Task -
Begin with the line below holding "girl, dance, romance" and go on through the line holding "Chocolate Glazed Donuts", duplicating each line exactly and leaving out pictures.

..............................

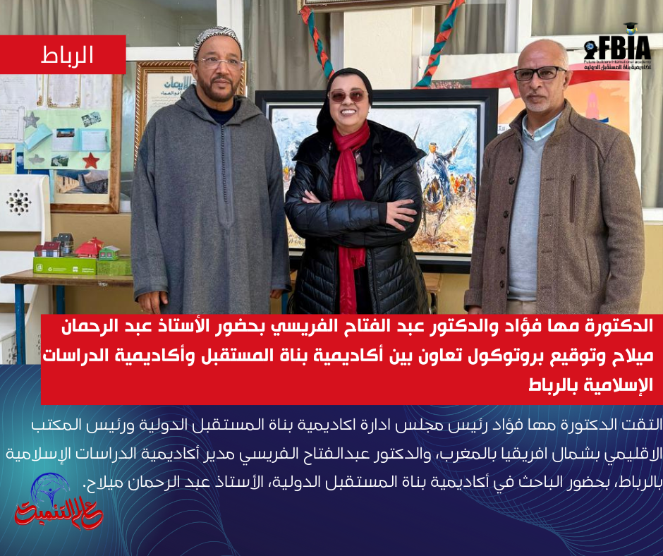 التقت الدكتورة مها فؤاد رئيس مجلس ادارة اكاديمية بناة المستقبل الدولية ورئيس المكتب الاقليمي بشمال افريقيا بالمغرب، والدكتور عبدالفتاح الفريسي مدير أكاديمية الدراسات الإسلامية بالرباط، بحضور الباحث في أكاديمية بناة المستقبل الدولية، الأستاذ عبد الرحمان ميلاح، في إطار تعزيز التعاون الأكاديمي الدولي، بالتعاون مع جامعة ميرلاند الأمريكية.
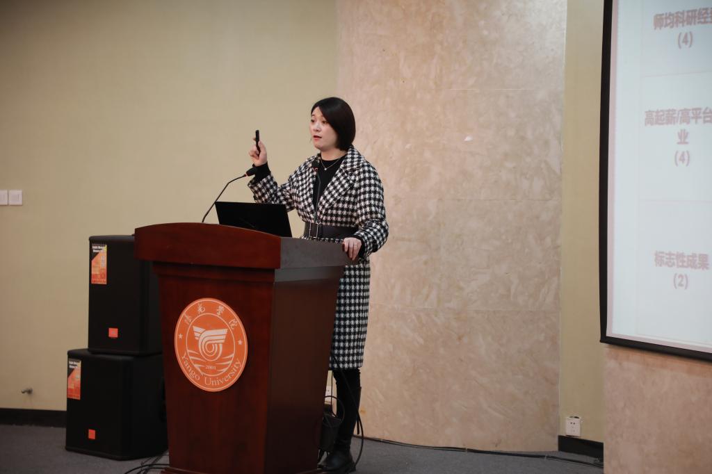 其次,新媒体公司经理蒋湘玉回顾了本学期的工作,表示在过去的时间中公司取得了不错的成绩,但在高起薪/高平台就业和访企拓岗等方面还需加强努力。未来还需要继续推近并提升公司就业质量、访企拓岗数量以及标志性成果的取得。她表示通过不断努力和开拓创新,公司一定能够再创佳绩。
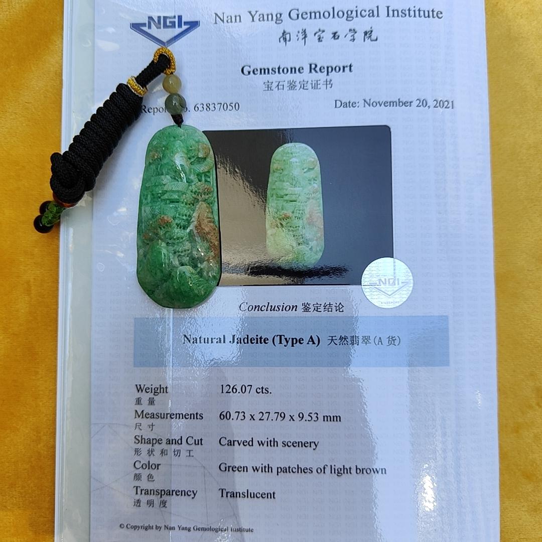 Mặt dây chuyền Jadeite tự nhiên trong suốt màu xanh lá cây với các mảng màu nâu nhạt này là một phụ kiện trang sức tuyệt đẹp sẽ tôn lên phong cách của bạn. Sản phẩm đi kèm với báo cáo đá quý NGI đảm bảo tính xác thực và nặng 126,07 gram.
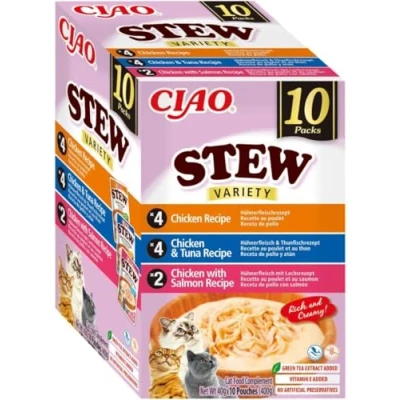 MADE WITH WHOLESOME INGREDIENTS YOU CAN TRUST: Every Inaba product is made with yummy ingredients including farm-raised chicken and/or natural wild caught tuna RICH & CREAMY: Churu Stew is a rich and creamy purée like our original Churu lickable cat treats, but with a thicker consistency that is perfect to serve as a side dish, plus we've added shreds of farm-raised chicken for added texture TASTY TOPPER: Top their meal with a luscious treat that is healthy and hydrating. Each pouch has 86% moisture and only 18.8 calories, so you can feel good about adding it to their bowl of bland dry cat food FREE FROM THE BAD STUFF: Each serving is grain-free, preservative-free, carrageenan-free and free from artificial colours, but we've added Vitamin E for your cat's immunity and Green Tea Extract as an antioxidant CONVENIENT COMPLEMENTS: These convenient individual pouches make a perfect side-dish or complement to your fur babies meal
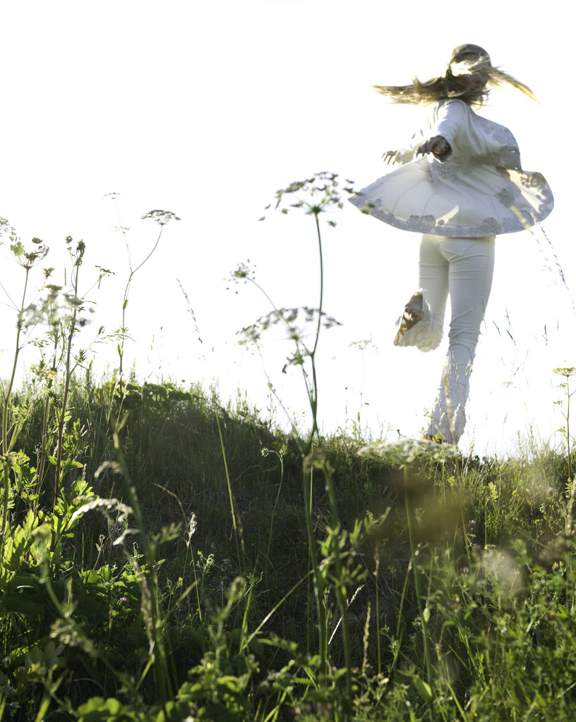 - meadow, summer, sun, flowers, fashion, joy, female, girl, dance, romance
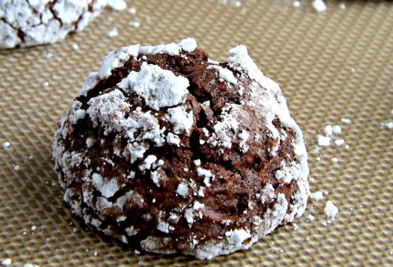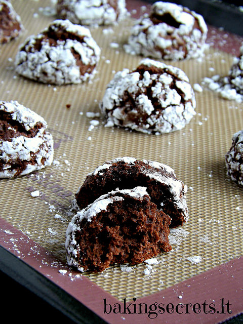 Gražiai įtrūkę, „apsnigti“ sodraus šokoladinio skonio sausainiai.
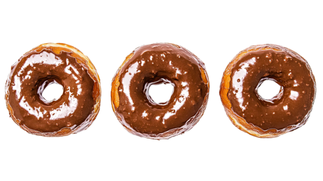 Chocolate Glazed Donuts Arranged on a Transparent Background Generative AI
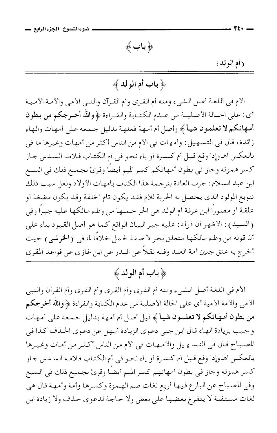 الأم في اللغة أصل الشيء ومنه أم القرى وأم القرآن والنبي الأمي والأمة الأمية أي: على الحالة الأصلية من عدم الكتابة والقراءة {والله أخرجكم من بطون أمهاتكم لا تعلمون شيئًا} وأصل أم أمهة فعلهة بدليل جمعه على أمهات والهاء زائدة، قال في التسهيل: وأمهات في الأم من الناس أكثر من أمهات وغيرها ما في بالعكس اهـ وإذا وقع قبل أم كسرة أو ياء نحو في أم الكتاب فلأمه السدس جاز كسر همزته وجاز في بطون أمهاتكم كسر الميم أيضًا وقرئ بجميع ذلك في السبع ابن عبد السلام: جرت العادة بترجمة هذا الكتاب بأمهات الأولاد ولعل سبب ذلك تنويع المولود الذي يحصل به الحرية للأم فقد يكون تام الخلقة وقد يكون مضغة أو علقة أو مصورًا ابن عرفة أم الولد هي الحر حملها من وطء مالكها عليه جبرًا وفي (السيد): الأظهر أن قوله: عليه جبر البيان الواقع كما هو أصل القيود بناء على أن قوله من وطء مالكها متعلق بحر لا صفة لحمل خلافًا لما في (الخرشي) حيث أخرج به عتق جنين أمة العبد وفيه نقلاً عن البدر عن ابن غازي عن قواعد المقري
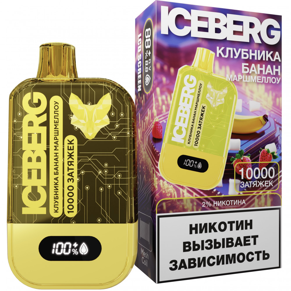 ICEBERG видыXXL 10000 ICEBERG вкусыКлубника банан маршмеллоу ICEBERG количество в блоке10 шт
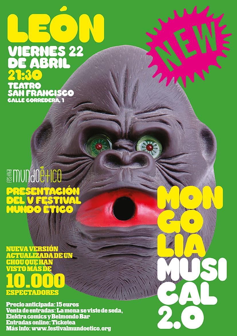 El Teatro San Francisco (León) acoge este viernes 22 de abril, a las 21:30 horas, la presentación oficial del V Festival Mundo Ético, que arranca este año, ni más ni menos con un espectáculo que siempre da mucho de qué hablar y sobre todo, mucho más de qué reír: el Musical de la Revista Mongolia. Entradas: 15 euros.
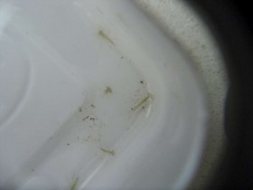 Naja, da ich in dem Wasser einige Schnecken bemerkt habe, dachte ich mir ich kippe das alte Wasser in einen durchsichtigen Behälter. Als ich das getan habe, der Schmodder sich gelegt hatte bekam ich einen Schreck...
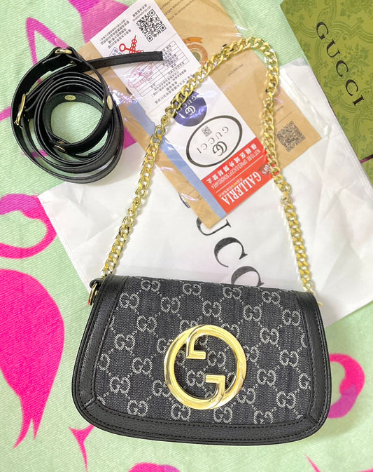 GUCCI Blondie Small Shoulder Bag – Iconic Style with Gold-Toned Hardware (Black)
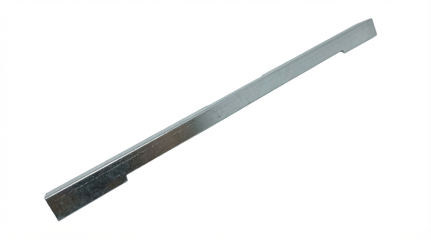 Barra metálica prateada longa com textura brilhante sobre fundo branco
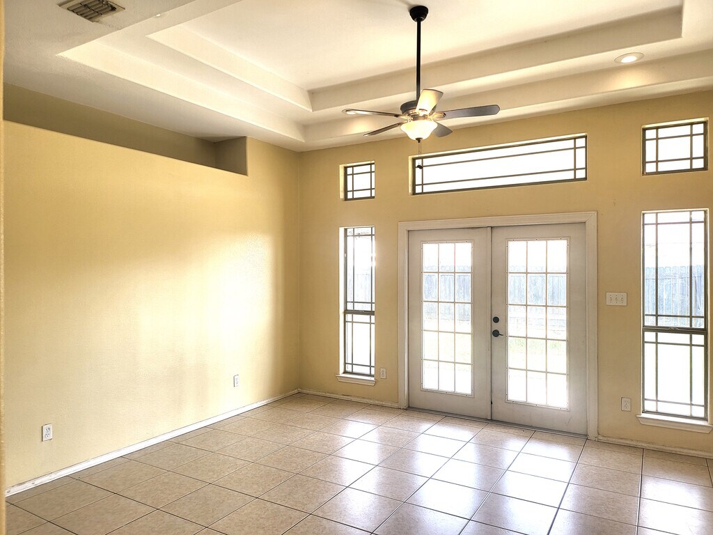 Located in a highly desirable area, this attractive brick home offers comfort, space, and style. With three spacious bedrooms and two and a half baths, there’s plenty of room for the whole family. The home features high tray ceilings, abundant natural light, and a bright, airy feel throughout. Step inside to find tile and laminate flooring, French doors leading to a covered patio – perfect for relaxing or entertaining. The thoughtful layout is ready for your personal touch – bring your design ideas and make it truly yours!
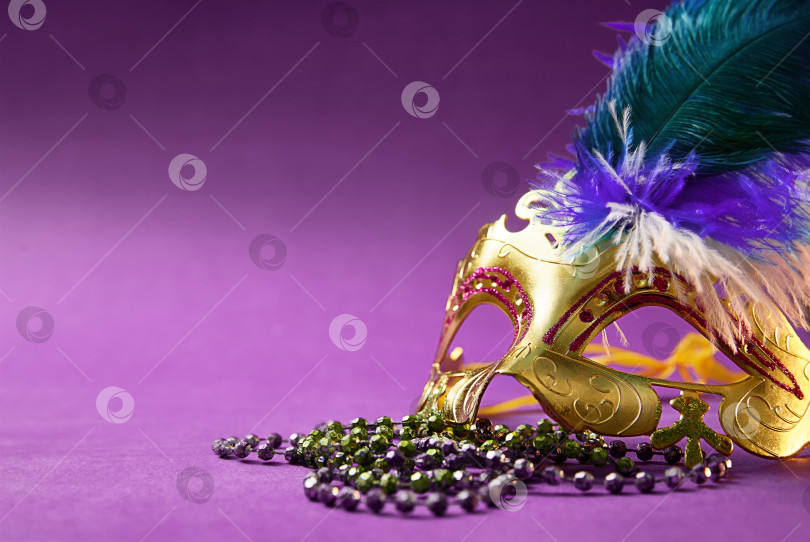 Концепция маскарадной маскировки. Фиолетовый фон с пространством для копирования. Маска с зелеными и фиолетовыми бусинами и блестками
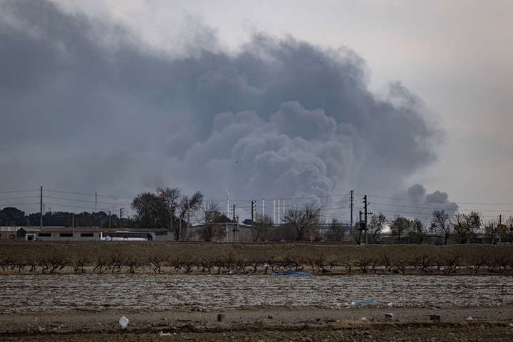 2026年3月9日,伊朗德黑兰,好意思国与以色列军事行动技艺,德黑兰石油储存步履遭袭,太空被烟尘掩盖。视觉中国尊府图
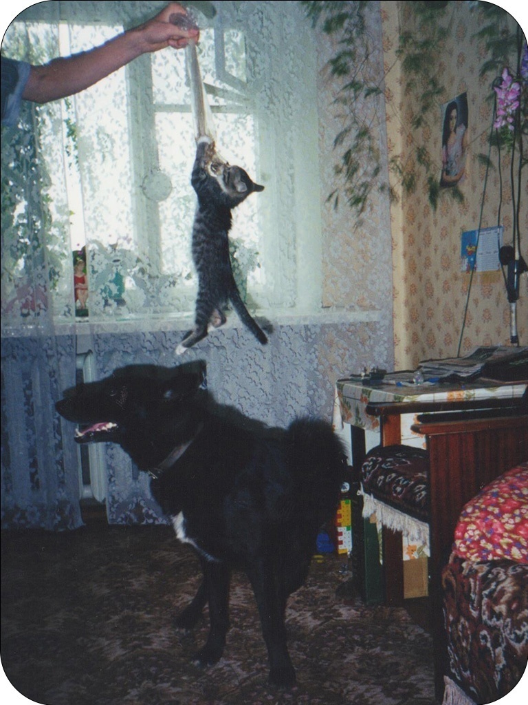 В первую Кешину осень, в связи с началом учебного года, поездки брата на рыбалку стали заметно реже. Как сейчас помню первое возвращение брата с рыбалки после небольшого перерыва! Рыбы он поймал совсем немного, так как съездил буквально на пару часов после школы. Но как его встретил Кеша! Женя ещё не успел достать из кармана пакет, как Кеша уже висел на пакете, вцепившись когтями и зубами! Можно было подумать, что брат достал из кармана пакет вместе с Кешей! Кешка так яро вцепился в пакет, что как бы высоко брат не поднимал пакет – Кеша не отцеплялся! Мы вместе долго бегали с пакетом по дому, веселясь над Кешиной радостью. Шурик разделял наше веселье, бегая вместе с нами. Мама сбегала за фотоаппаратом и запечатлела этот яркий момент.
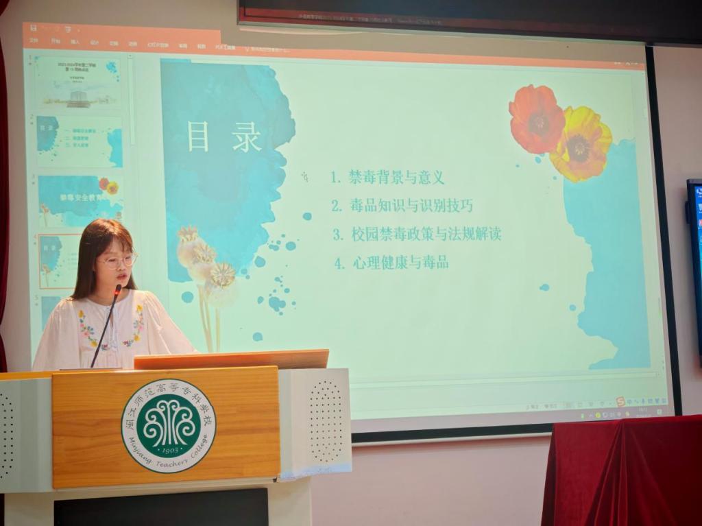 2024年6月2日晚,外语商贸学院开展就业安全教育,主题为:禁毒教育。本次活动由毕业班辅导员宣讲,2021级毕业班的全体学生参与。
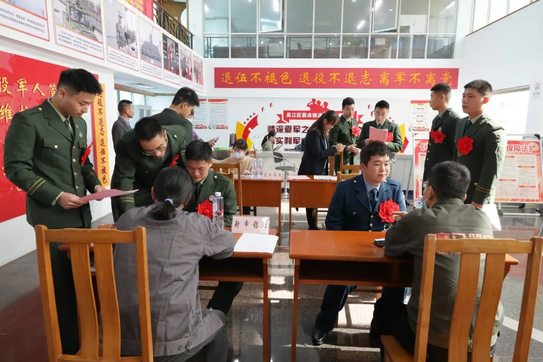 日前,吴江区震泽镇举行2022年退役军人返乡欢迎仪式暨专场招聘会,为退役士兵和本地优秀企业提供相互交流的平台,助力退役军人就业,进一步在全镇范围内营造拥军崇军的良好氛围。9名退役军人以及镇领导顾全、沈斌参加活动。
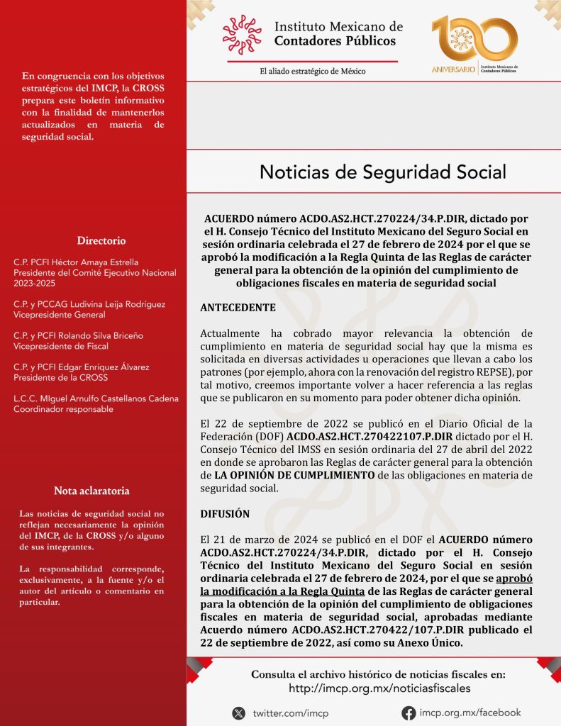 El 21 de marzo de 2024 se publicó en el DOF el ACUERDO número ACDO.AS2.HCT.270224/34.P.DIR, dictado por el H. Consejo Técnico del Instituto Mexicano del Seguro Social en sesión ordinaria celebrada el 27 de febrero de 2024, por el que se aprobó la modificación a la Regla Quinta de las Reglas de carácter general para la obtención de la opinión del cumplimiento de obligaciones fiscales en materia de seguridad social, aprobadas mediante Acuerdo número ACDO.AS2.HCT.270422/107.P.DIR publicado el 22 de septiembre de 2022, así como su Anexo Único.

..............................

Solution for this problem -
 - meadow, summer, sun, flowers, fashion, joy, female, girl, dance, romance
 Gražiai įtrūkę, „apsnigti“ sodraus šokoladinio skonio sausainiai.
 Chocolate Glazed Donuts Arranged on a Transparent Background Generative AI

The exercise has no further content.